**REQUIRED WORK**
The reply should consist solely of the lines from the one with "階段を広げたり、エスカレータ" through the final line of the listing, copied exactly, with no pictures.

**COLLECTED DATA**
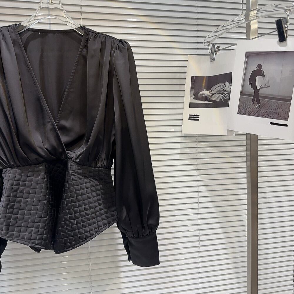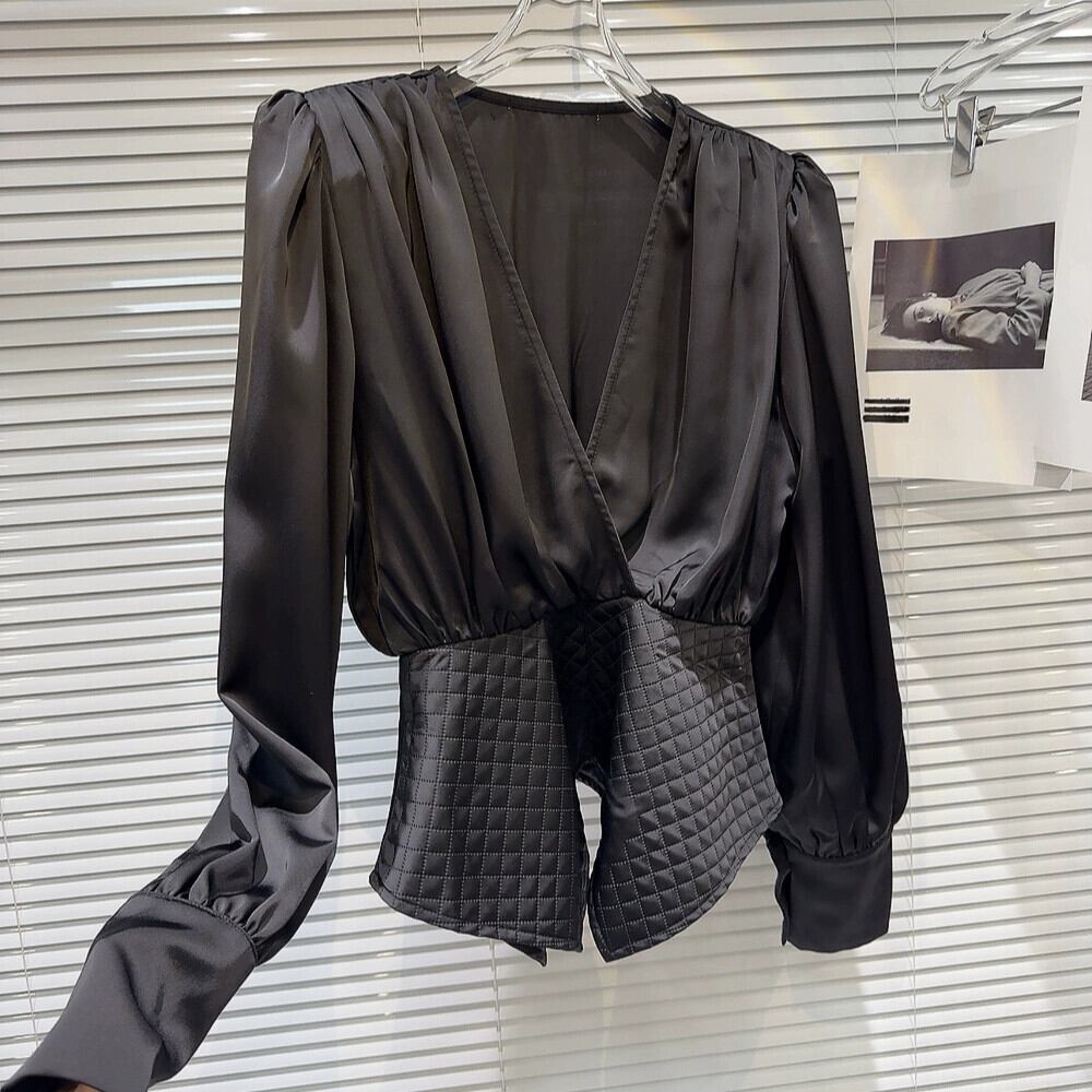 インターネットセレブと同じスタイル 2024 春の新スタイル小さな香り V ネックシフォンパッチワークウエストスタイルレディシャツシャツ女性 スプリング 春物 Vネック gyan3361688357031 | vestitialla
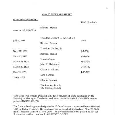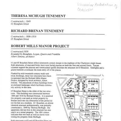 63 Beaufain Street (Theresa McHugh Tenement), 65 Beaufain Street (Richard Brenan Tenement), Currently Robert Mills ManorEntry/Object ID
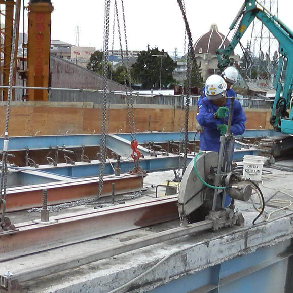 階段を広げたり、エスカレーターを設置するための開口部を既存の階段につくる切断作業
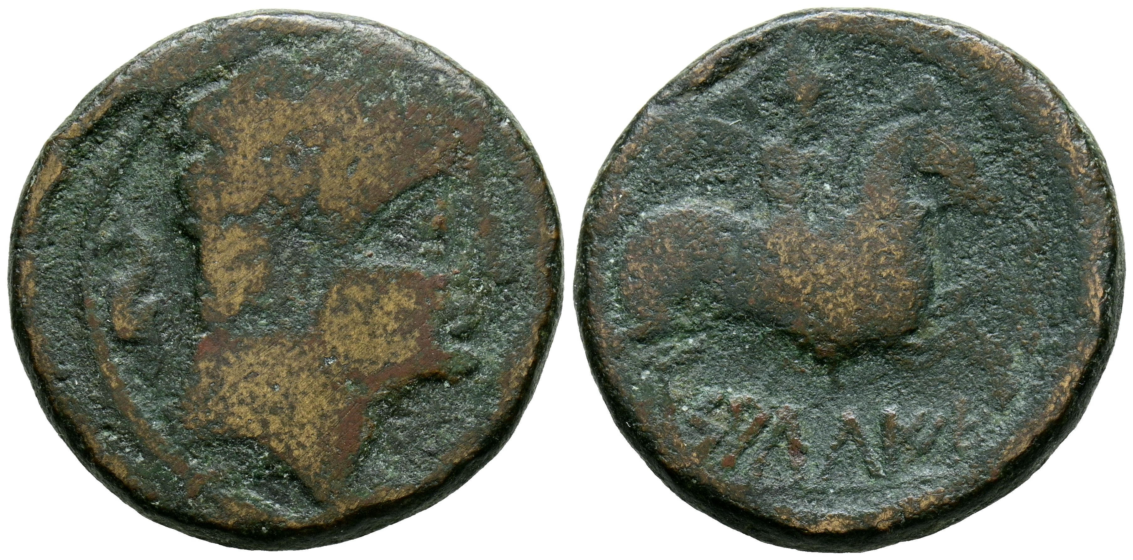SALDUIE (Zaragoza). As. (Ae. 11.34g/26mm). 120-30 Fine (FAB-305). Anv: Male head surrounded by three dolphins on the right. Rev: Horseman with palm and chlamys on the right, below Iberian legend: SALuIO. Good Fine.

**EXERCISE OUTPUT**
 階段を広げたり、エスカレーターを設置するための開口部を既存の階段につくる切断作業
SALDUIE (Zaragoza). As. (Ae. 11.34g/26mm). 120-30 Fine (FAB-305). Anv: Male head surrounded by three dolphins on the right. Rev: Horseman with palm and chlamys on the right, below Iberian legend: SALuIO. Good Fine.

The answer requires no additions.